• [Work request]: This exercise calls for retyping every line below exactly, with the images omitted.

■ ■ ■

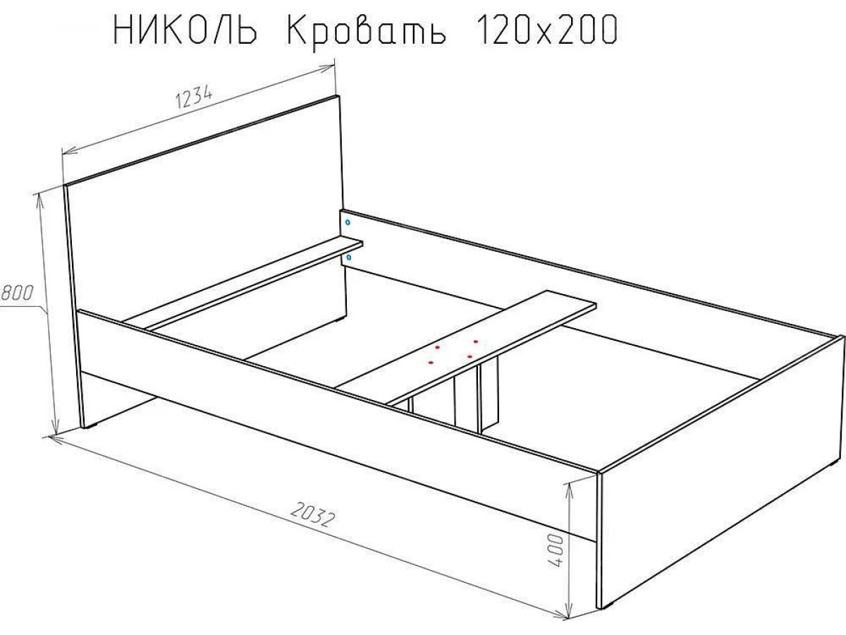Полутораспальная кровать Николь 2032x1234x800
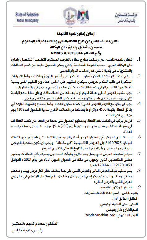تعلن بلدية نابلس عن طرح العطاء التالي وذلك بالظرف المختوم تضمين تشغيل وادارة خان الوكالة
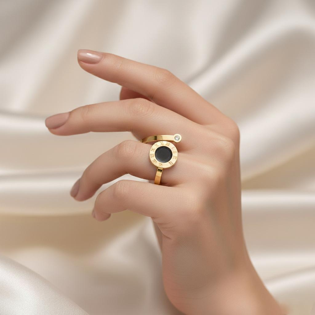 الخامة: خاتم💍 من الزركون و الاكريليك والفولاذ المقاوم للصدأ مطلي بالذهب عيار 18
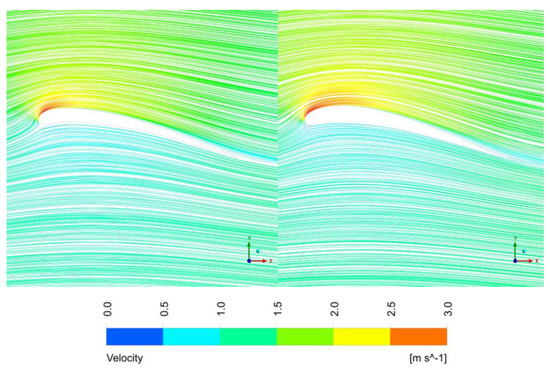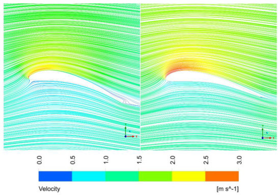 Streamline diagram of the optimized airfoil velocity of the seagull airfoil at an angle of attack of 10°. (Initial airfoil on the left, optimised airfoil on the right).
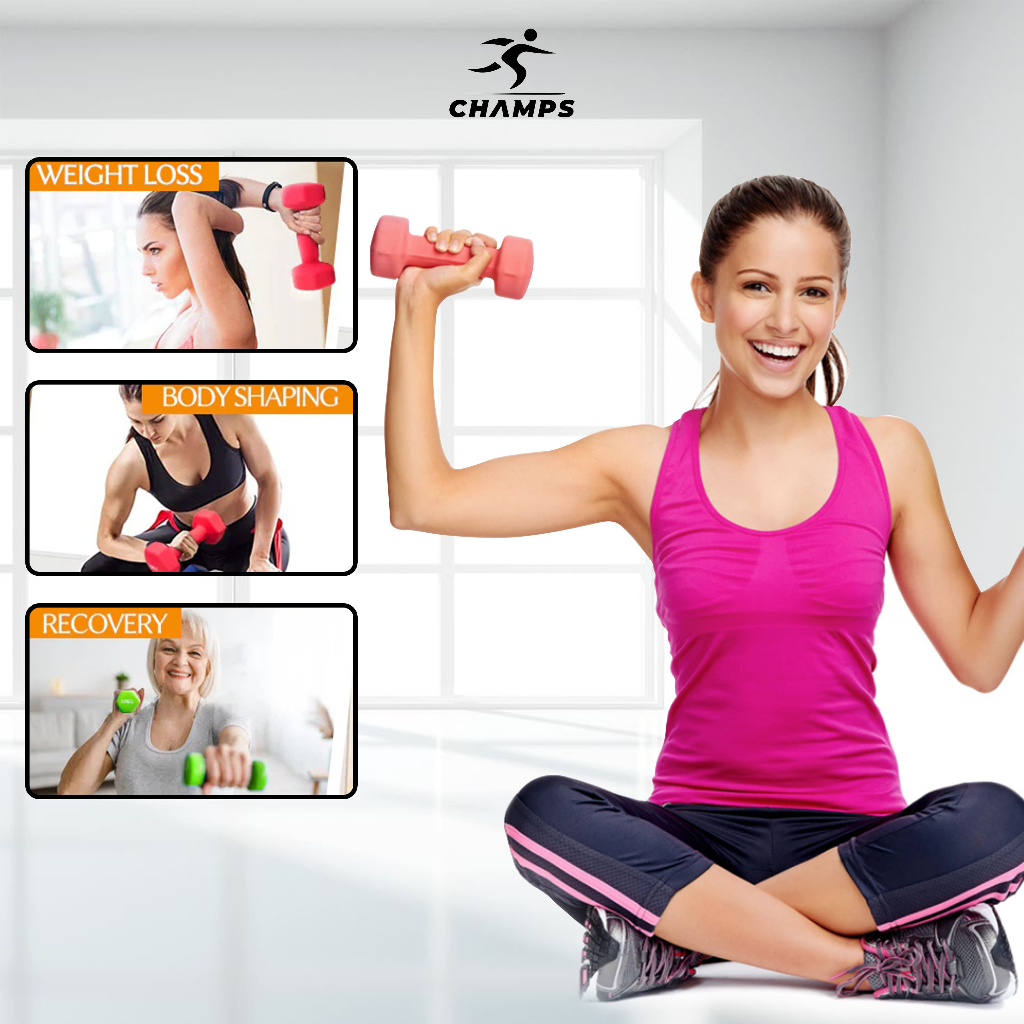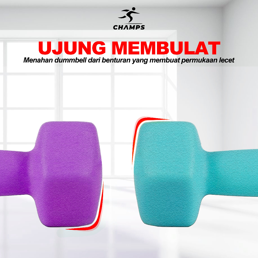 Champs Dumbbell Plastik Kulit Jeruk 1-3Kg – Dumbel Anti Slip, Alat Gym Fitness Murah Ch-C
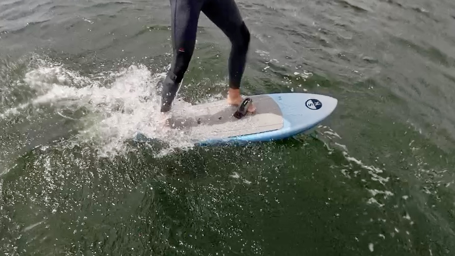 North positioniert das Midi als “Crossover-Board” – und tatsächlich haben wir es sehr vielseitig erlebt. Im Freeride macht es durch seine gleitfreudige Art auch bei böigem Wind Spaß: Man kommt früh raus und kann lange Fahrten genießen, ohne dass das Board träge wirkt. In der Welle sehen wir viel Potenzial, auch wenn wir das nur hinter dem Boat antesten konnten: Das Board fährt sich sehr surf-orientiert, man kann enge Turns wagen, ohne vom Board gebremst zu werden. Auch Downwind-Runs dürften ein interessantes Feld für das Midi sein. Rein fürs SUP-Foil-Downwinding (also ohne Wing, nur gepaddelt) ist unser 82 L Testboard auf jeden Fall zu klein – hier wären wohl die größeren Modelle oder spezialisierte Downwind-Boards wie Norths Horizon passender. Dafür dürfte das Midi im Wing-Downwinder (mit Wing in der Hand vor dem Wind abreiten) seine Vorteile ausspielen: Das Board lässt sich gut steuern und zwischenpumpen, um einzelne Wellen zu verbinden. Die lange Wasserlinie und der nose-up Shape verhindern ein Einspitzen bei Wellentalfahrten. Zudem ist das Midi laut North kompatibel mit Foil-Drive E-Motoren (dank spezieller 2.4 GHz Signal-Durchleitung im Carbonlaminat). Wir konnten mangels Zeit zwar keinen E-Test durchführen, aber dieser Hinweis zeigt: Das Board soll tatsächlich alles können – vom Wingfoilen über Prone-Surfen bis zum motorunterstützten Downwind-Foiling. In kleineren Größen kann es ein reinrassiges Prone-Foilboard sein, in größeren ein Lightwind-Wingboard. Diese Vielseitigkeit ist ein großes Plus des Midi-Konzepts. In unseren Augen trifft Norths Slogan vom „All-in-One“-Board durchaus zu.
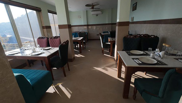 Indulge in a delightful culinary journey at the in-house restaurant of GK Paradise Village Resort & Cottage Dharamshala, where fine dining meets breathtaking Himalayan views. Designed with expansive glass windows, our restaurant offers mesmerizing views of the Dhauladhar mountains, creating the perfect ambiance for a memorable dining experience in Dharamshala.
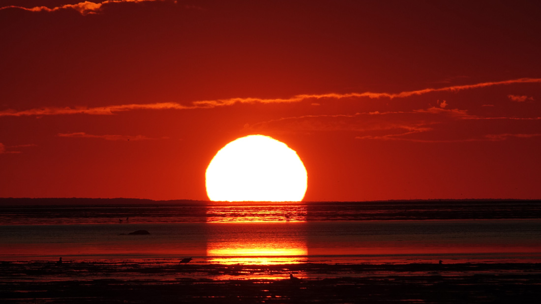 This sunset, viewed from the huge tidal flats at Linnell Landing, Brewster reminds me of an Endless Summer…the sun dripping through a band of clouds illuminating the sky.

■ ■ ■

• [Task output]:
Полутораспальная кровать Николь 2032x1234x800
تعلن بلدية نابلس عن طرح العطاء التالي وذلك بالظرف المختوم تضمين تشغيل وادارة خان الوكالة
 الخامة: خاتم💍 من الزركون و الاكريليك والفولاذ المقاوم للصدأ مطلي بالذهب عيار 18
 Streamline diagram of the optimized airfoil velocity of the seagull airfoil at an angle of attack of 10°. (Initial airfoil on the left, optimised airfoil on the right).
 Champs Dumbbell Plastik Kulit Jeruk 1-3Kg – Dumbel Anti Slip, Alat Gym Fitness Murah Ch-C
 North positioniert das Midi als “Crossover-Board” – und tatsächlich haben wir es sehr vielseitig erlebt. Im Freeride macht es durch seine gleitfreudige Art auch bei böigem Wind Spaß: Man kommt früh raus und kann lange Fahrten genießen, ohne dass das Board träge wirkt. In der Welle sehen wir viel Potenzial, auch wenn wir das nur hinter dem Boat antesten konnten: Das Board fährt sich sehr surf-orientiert, man kann enge Turns wagen, ohne vom Board gebremst zu werden. Auch Downwind-Runs dürften ein interessantes Feld für das Midi sein. Rein fürs SUP-Foil-Downwinding (also ohne Wing, nur gepaddelt) ist unser 82 L Testboard auf jeden Fall zu klein – hier wären wohl die größeren Modelle oder spezialisierte Downwind-Boards wie Norths Horizon passender. Dafür dürfte das Midi im Wing-Downwinder (mit Wing in der Hand vor dem Wind abreiten) seine Vorteile ausspielen: Das Board lässt sich gut steuern und zwischenpumpen, um einzelne Wellen zu verbinden. Die lange Wasserlinie und der nose-up Shape verhindern ein Einspitzen bei Wellentalfahrten. Zudem ist das Midi laut North kompatibel mit Foil-Drive E-Motoren (dank spezieller 2.4 GHz Signal-Durchleitung im Carbonlaminat). Wir konnten mangels Zeit zwar keinen E-Test durchführen, aber dieser Hinweis zeigt: Das Board soll tatsächlich alles können – vom Wingfoilen über Prone-Surfen bis zum motorunterstützten Downwind-Foiling. In kleineren Größen kann es ein reinrassiges Prone-Foilboard sein, in größeren ein Lightwind-Wingboard. Diese Vielseitigkeit ist ein großes Plus des Midi-Konzepts. In unseren Augen trifft Norths Slogan vom „All-in-One“-Board durchaus zu.
 Indulge in a delightful culinary journey at the in-house restaurant of GK Paradise Village Resort & Cottage Dharamshala, where fine dining meets breathtaking Himalayan views. Designed with expansive glass windows, our restaurant offers mesmerizing views of the Dhauladhar mountains, creating the perfect ambiance for a memorable dining experience in Dharamshala.
 This sunset, viewed from the huge tidal flats at Linnell Landing, Brewster reminds me of an Endless Summer…the sun dripping through a band of clouds illuminating the sky.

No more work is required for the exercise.